(Data)
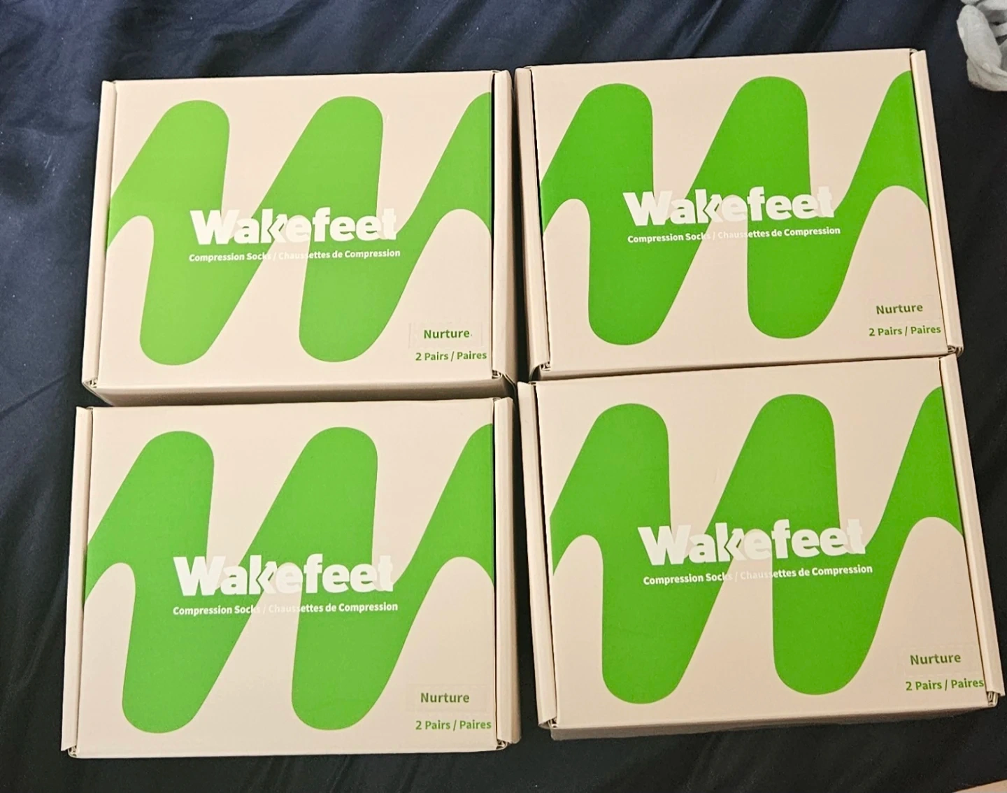 I'm selling Wakefeel compression socks. Each box contains 2 pairs of socks in 1 box and I have four boxes total. Size: Large/XL & XXL They are designed to provide support and comfort for your legs and feet. The socks come in their original box. Perfect for everyday wear or travel and POTS.
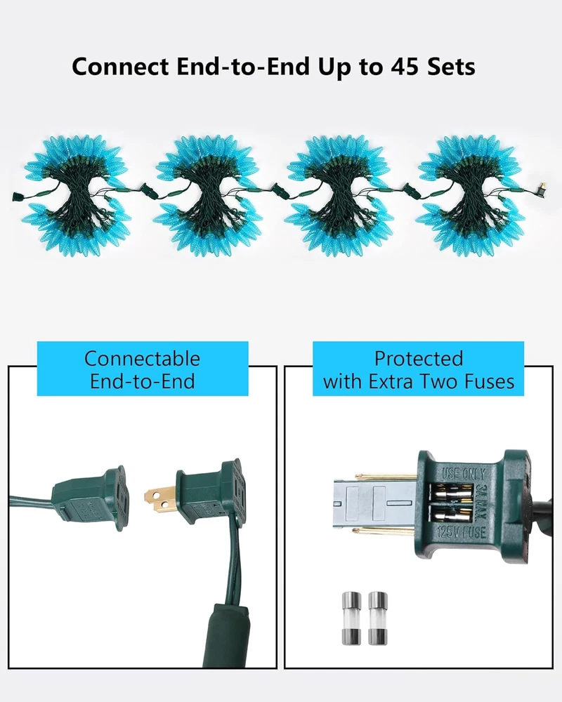 Store New Arrivals Add to Favorite View Feedback Contact C9 Led Christmas String Lights Outdoor, 33.3Ft 50 LED Waterproof Decorative Light Strand, Extendable Green Wire String Lights for House, Christmas Tree, Patio, Party Decoration, Turquoise Description Item model number I1-50-2-C9 Light Source Type LED Style C9-1 Pack, Turquoise Power Source Corded Electric Number of Light Sources 50 Control Method Remote Theme Christmas Style Number I1-50-2-C9 Controller Type Remote Control Occasion Type Christmas Decoration Seasons Christmas Additional Features IP44 Waterproof, End to End Connectable, Super Brightness & Energy Saving Package Dimensions 14.57 x 6.14 x 3.98 inches; 2.07 Pounds Indoor/Outdoor Usage Outdoor Light Color Turquoise Water Resistance Level Waterproof Occasion Christmas Decoration Special Feature IP44 Waterproof, End to End Connectable, Super Brightness & Energy Saving Bulb Shape Size C9 Color Turquoise Wattage 4.8 watts Indoor Outdoor Usage Outdoor Voltage 120 Volts Included Components 2 Extra Replacement Fuses, C9 Led Christmas String Lights Style Name C9-1 Pack, Turquoise Size 1 Pack 【C9 Turquoise LED Lights】50 count C9 turquoise LED bulbs. Illuminate your Christmas display with the vibrant and enchanting glow, creating a unique and eye-catching color combination. 33.3 feet total length, 8” evenly-spaced bulb apart on green wire, 4” lead in length; 【Super Brightness & Energy Saving】Brighter than traditional incandescent string lights, steady on lighting, beautifully bright, emits vivid & brilliant light through the bulb’s core. The LED bulb stays cool when touched, reduces power consumption, and saves money. 【Durable and Waterproof】With quality LEDs and weatherproof construction(IP44 waterproof), Don’t worry about using it in heavy rain and snow. (The plug is not waterproof and you need to do some protection or keep them away from water). The strong LED string lights provide years of high-quality long-lasting lighting, not easy to break apart. 【End to End Connectable】Simply, plug in and go! you can connect up to 45 sets together, and connect easily to your previous lights, end-to-end up to a maximum 216Watts(1.8Amps) total. It can meet your desired length and make your decoration more convenient. Each set comes with 2 extra fuses. 【Wide Application】UL listed. These lights are suitable for indoor and outdoor displays, a timeless classic on your house, and ideal decoration lights for room, roofline, garden, balcony, Christmas tree, party, and holiday decorations. Light up your holiday to enjoy Christmas! 【Customer Satisfaction】We offer 12 MONTH for all products and kind service, providing a 100% satisfaction experience is our main priority to our customers. Feel free to message us through “contact sellers” if products don't meet your expectations. Product Description Make Your Life Bright and Colorful with C9 Led Christmas String Lights 50-Count LED Christmas String lights with green wire use high-brightness LED bulbs, which can add light to your dark environment. The light creates a cheerful atmosphere when it's turned on and instantly brightens your mood. FEATURES: Vivid & Brilliant: C9 faceted bulbs look amazing and stand out in your home, bright enough to light up the outside of your house, creating color combinations and unique color patterns to give your light display a unique look. IP44 Waterproof: Durable for indoor and outdoor use, like home, patio, garden, and balcony, typically you can use these on your house roofline, on your Christmas tree, or wherever decoration lighting is needed, and any decorative project. 50000 Hours Longevity: The LED string lights provide years of high-quality long-lasting lighting, better construction and quality, not easy to break apart, NON-REMOVABLE bulb construction seals out moisture, eliminating corrosion for longer bulb life. Energy Efficient: These light sets use so little power (only 4.8 watts per set), energy-saving LED bulbs, budget-friendly, so you won’t spend as much money on your electrical bill. Allow you to decorate your lighting area with the desired length, making your decoration more convenient. Connected easily to your previous lights! Diamond Faceted 50-count C9 turquoise LED bulbs Beautifully bright, emits vivid & brilliant light through the bulb’s core Package includes: 1 x 50 led string lights 2 x fuses per set 1 x user’s manual C9 LED String Lights, Multi-colored A set includes 50 LEDs These light sets feature non-removable bulbs, which means you don't have to screw in any light bulbs. Simply, plug them in and they are ready to go! Bulbs CANNOT BE REMOVED or REPLACED. Comes ready to install right out of the box. Also, they will still be cool-touch after lighting for a long time. Specification: Total Length: 33.3ft/set Lead Wire Length: 4inch Bulbs Spacing Length: 8inch Mode: Steady On Expandable: 45 Sets Application: Indoor/Outdoor Light up the upcoming Christmas! IP44 Waterproof Perfect for indoor & outdoor decoration. Lights can be utilized both indoor and outdoor without worry of rainy weather. High Brightness Brilliant, natural-looking glow that fills the bulb with vibrant color. Wide Range of Applications Widely apply for Christmas trees, Christmas, Party, Wedding, Home, Window, Bathroom, Festival, Holiday, Shows, etc. ABOUT US We offer the best prices around on high quality products. Our E-store includes media such as books, movies, music and games while offering electronics, toys, sporting apparel, clothing, tools, general home, garden items and more. SHIPPING We are always working hard to ensure your package arrives as soon as possible. Please understand that some factors like weather, high postal traffic, and the performance of shipping companies are outside of our control. We offer free shipping to the lower 48 states and ship within 2 business days of payment, usually sooner. We do not accept P.O. Boxes. Please provide a physical address. For shipping outside 
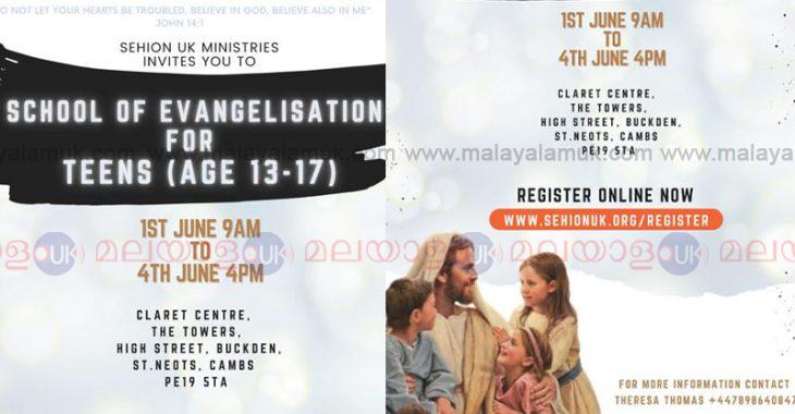 ടീനേജ് പ്രായക്കാരായ കുട്ടികൾക്കായി സെഹിയോൻ യുകെ മിനിസ്ട്രിയുടെ നേതൃത്വത്തിൽ ജൂൺ 1മുതൽ 4വരെ കേംബ്രിഡ്ജിനടുത്തുള്ള ഹണ്ടിങ്ടണിൽ നാല് ദിവസത്തെ താമസിച്ചുള്ള ധ്യാനം നടക്കുന്നു .
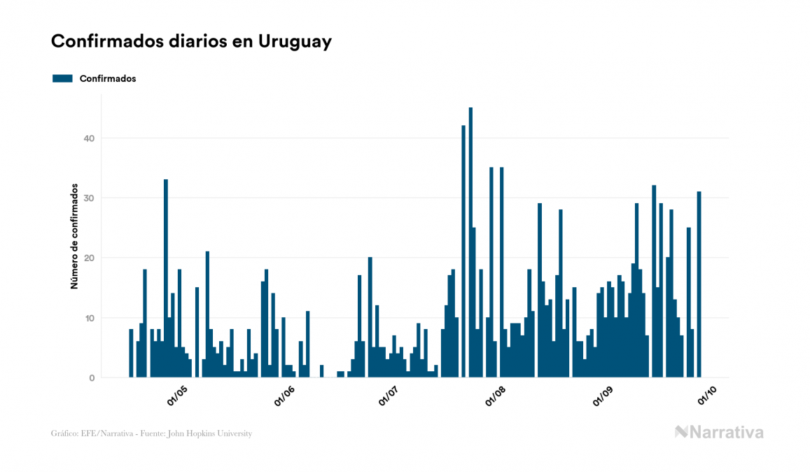 Uruguay alcanza los 1.998 contagiados tras registrar 31 nuevos casos en el último día
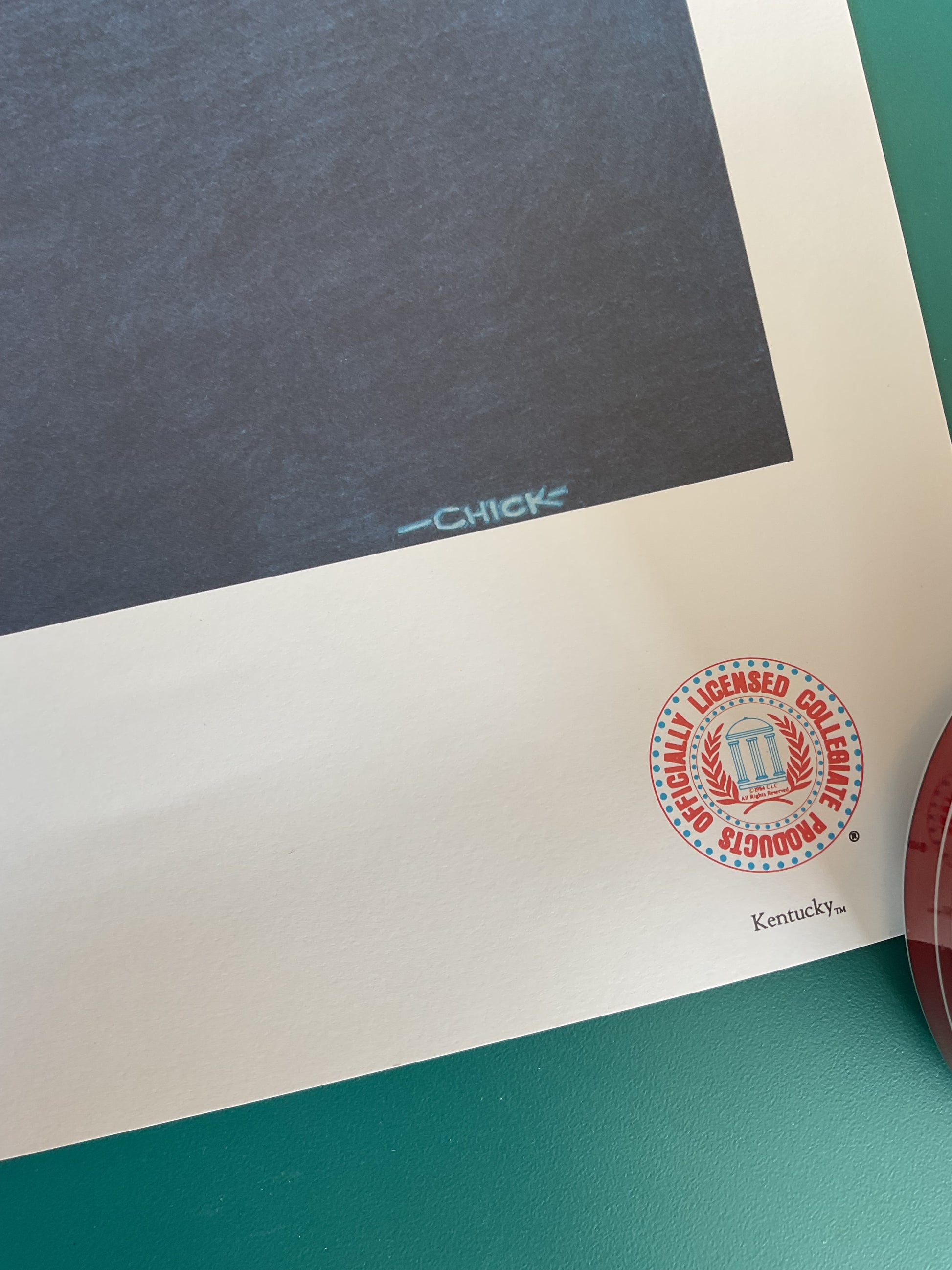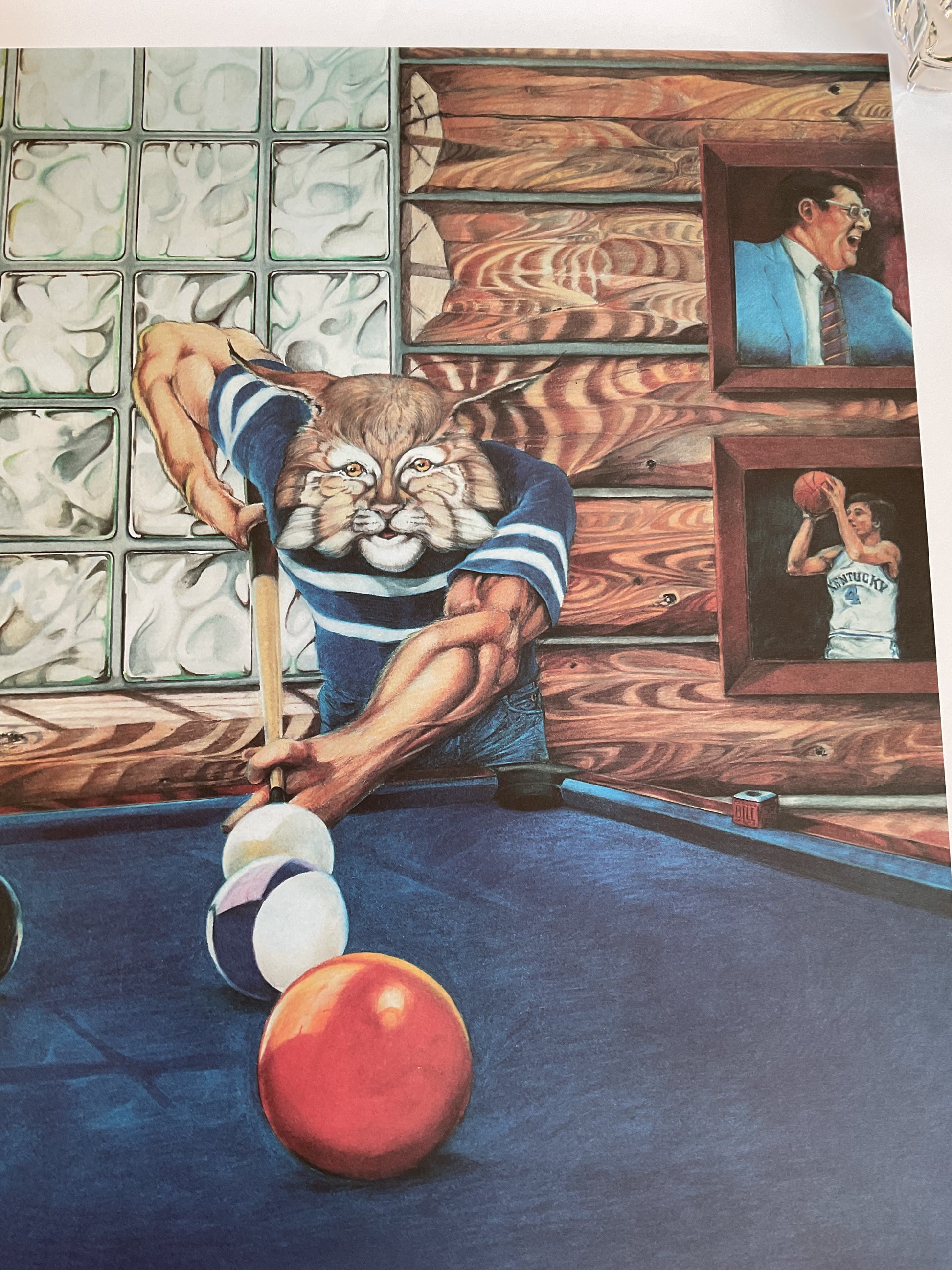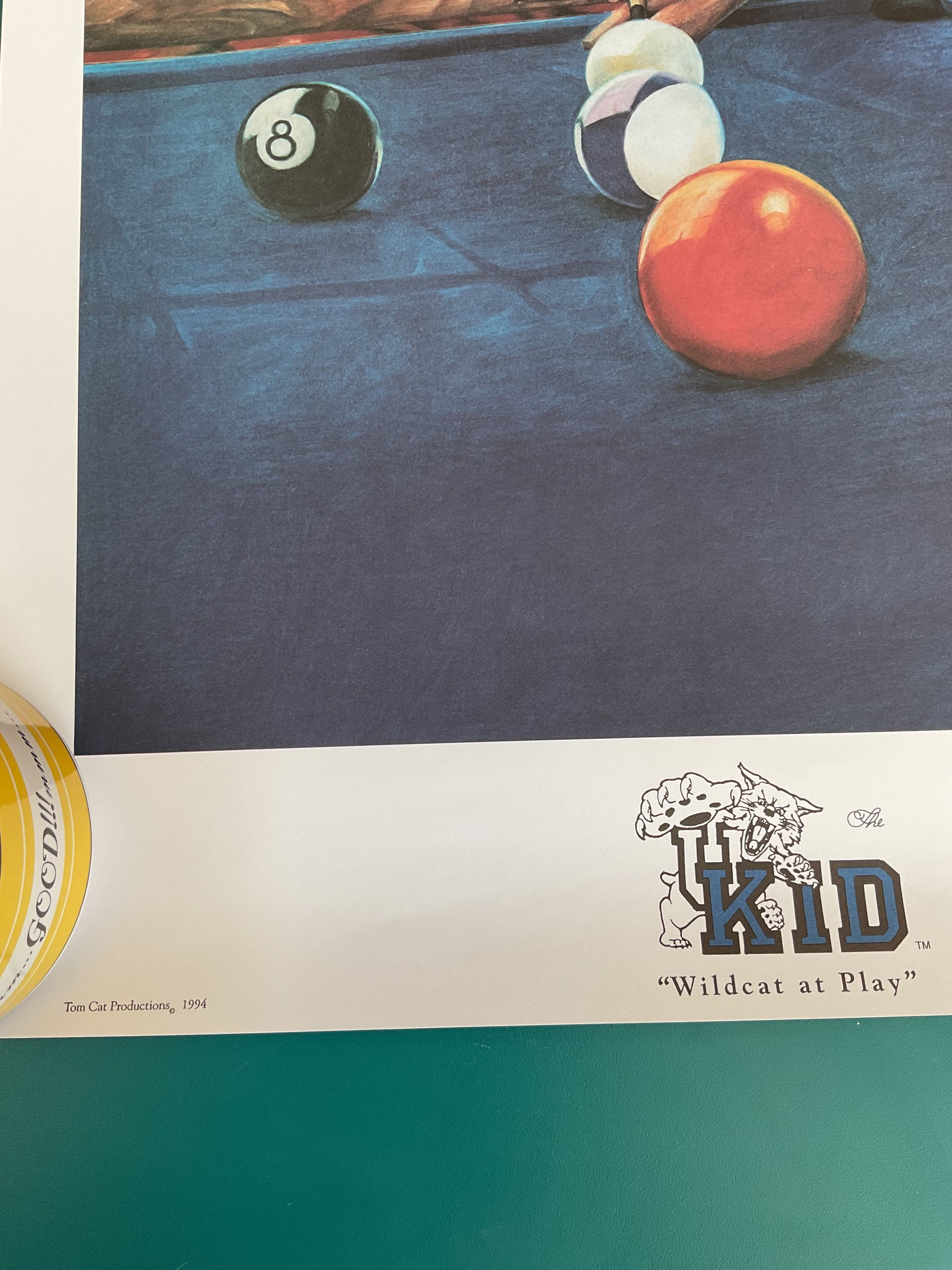These vintage University of Kentucky Posters are the perfect thing to decorate for the U of K fans. It measures 24” x 18”. It depicts a Wildcat playing pool.
(End Data)
■ What you will do: Each line above is to be duplicated exactly, and the pictures are to be omitted.

■ Answer to this problem:
 I'm selling Wakefeel compression socks. Each box contains 2 pairs of socks in 1 box and I have four boxes total. Size: Large/XL & XXL They are designed to provide support and comfort for your legs and feet. The socks come in their original box. Perfect for everyday wear or travel and POTS.
 Store New Arrivals Add to Favorite View Feedback Contact C9 Led Christmas String Lights Outdoor, 33.3Ft 50 LED Waterproof Decorative Light Strand, Extendable Green Wire String Lights for House, Christmas Tree, Patio, Party Decoration, Turquoise Description Item model number I1-50-2-C9 Light Source Type LED Style C9-1 Pack, Turquoise Power Source Corded Electric Number of Light Sources 50 Control Method Remote Theme Christmas Style Number I1-50-2-C9 Controller Type Remote Control Occasion Type Christmas Decoration Seasons Christmas Additional Features IP44 Waterproof, End to End Connectable, Super Brightness & Energy Saving Package Dimensions 14.57 x 6.14 x 3.98 inches; 2.07 Pounds Indoor/Outdoor Usage Outdoor Light Color Turquoise Water Resistance Level Waterproof Occasion Christmas Decoration Special Feature IP44 Waterproof, End to End Connectable, Super Brightness & Energy Saving Bulb Shape Size C9 Color Turquoise Wattage 4.8 watts Indoor Outdoor Usage Outdoor Voltage 120 Volts Included Components 2 Extra Replacement Fuses, C9 Led Christmas String Lights Style Name C9-1 Pack, Turquoise Size 1 Pack 【C9 Turquoise LED Lights】50 count C9 turquoise LED bulbs. Illuminate your Christmas display with the vibrant and enchanting glow, creating a unique and eye-catching color combination. 33.3 feet total length, 8” evenly-spaced bulb apart on green wire, 4” lead in length; 【Super Brightness & Energy Saving】Brighter than traditional incandescent string lights, steady on lighting, beautifully bright, emits vivid & brilliant light through the bulb’s core. The LED bulb stays cool when touched, reduces power consumption, and saves money. 【Durable and Waterproof】With quality LEDs and weatherproof construction(IP44 waterproof), Don’t worry about using it in heavy rain and snow. (The plug is not waterproof and you need to do some protection or keep them away from water). The strong LED string lights provide years of high-quality long-lasting lighting, not easy to break apart. 【End to End Connectable】Simply, plug in and go! you can connect up to 45 sets together, and connect easily to your previous lights, end-to-end up to a maximum 216Watts(1.8Amps) total. It can meet your desired length and make your decoration more convenient. Each set comes with 2 extra fuses. 【Wide Application】UL listed. These lights are suitable for indoor and outdoor displays, a timeless classic on your house, and ideal decoration lights for room, roofline, garden, balcony, Christmas tree, party, and holiday decorations. Light up your holiday to enjoy Christmas! 【Customer Satisfaction】We offer 12 MONTH for all products and kind service, providing a 100% satisfaction experience is our main priority to our customers. Feel free to message us through “contact sellers” if products don't meet your expectations. Product Description Make Your Life Bright and Colorful with C9 Led Christmas String Lights 50-Count LED Christmas String lights with green wire use high-brightness LED bulbs, which can add light to your dark environment. The light creates a cheerful atmosphere when it's turned on and instantly brightens your mood. FEATURES: Vivid & Brilliant: C9 faceted bulbs look amazing and stand out in your home, bright enough to light up the outside of your house, creating color combinations and unique color patterns to give your light display a unique look. IP44 Waterproof: Durable for indoor and outdoor use, like home, patio, garden, and balcony, typically you can use these on your house roofline, on your Christmas tree, or wherever decoration lighting is needed, and any decorative project. 50000 Hours Longevity: The LED string lights provide years of high-quality long-lasting lighting, better construction and quality, not easy to break apart, NON-REMOVABLE bulb construction seals out moisture, eliminating corrosion for longer bulb life. Energy Efficient: These light sets use so little power (only 4.8 watts per set), energy-saving LED bulbs, budget-friendly, so you won’t spend as much money on your electrical bill. Allow you to decorate your lighting area with the desired length, making your decoration more convenient. Connected easily to your previous lights! Diamond Faceted 50-count C9 turquoise LED bulbs Beautifully bright, emits vivid & brilliant light through the bulb’s core Package includes: 1 x 50 led string lights 2 x fuses per set 1 x user’s manual C9 LED String Lights, Multi-colored A set includes 50 LEDs These light sets feature non-removable bulbs, which means you don't have to screw in any light bulbs. Simply, plug them in and they are ready to go! Bulbs CANNOT BE REMOVED or REPLACED. Comes ready to install right out of the box. Also, they will still be cool-touch after lighting for a long time. Specification: Total Length: 33.3ft/set Lead Wire Length: 4inch Bulbs Spacing Length: 8inch Mode: Steady On Expandable: 45 Sets Application: Indoor/Outdoor Light up the upcoming Christmas! IP44 Waterproof Perfect for indoor & outdoor decoration. Lights can be utilized both indoor and outdoor without worry of rainy weather. High Brightness Brilliant, natural-looking glow that fills the bulb with vibrant color. Wide Range of Applications Widely apply for Christmas trees, Christmas, Party, Wedding, Home, Window, Bathroom, Festival, Holiday, Shows, etc. ABOUT US We offer the best prices around on high quality products. Our E-store includes media such as books, movies, music and games while offering electronics, toys, sporting apparel, clothing, tools, general home, garden items and more. SHIPPING We are always working hard to ensure your package arrives as soon as possible. Please understand that some factors like weather, high postal traffic, and the performance of shipping companies are outside of our control. We offer free shipping to the lower 48 states and ship within 2 business days of payment, usually sooner. We do not accept P.O. Boxes. Please provide a physical address. For shipping outside 
 ടീനേജ് പ്രായക്കാരായ കുട്ടികൾക്കായി സെഹിയോൻ യുകെ മിനിസ്ട്രിയുടെ നേതൃത്വത്തിൽ ജൂൺ 1മുതൽ 4വരെ കേംബ്രിഡ്ജിനടുത്തുള്ള ഹണ്ടിങ്ടണിൽ നാല് ദിവസത്തെ താമസിച്ചുള്ള ധ്യാനം നടക്കുന്നു .
 Uruguay alcanza los 1.998 contagiados tras registrar 31 nuevos casos en el último día
These vintage University of Kentucky Posters are the perfect thing to decorate for the U of K fans. It measures 24” x 18”. It depicts a Wildcat playing pool.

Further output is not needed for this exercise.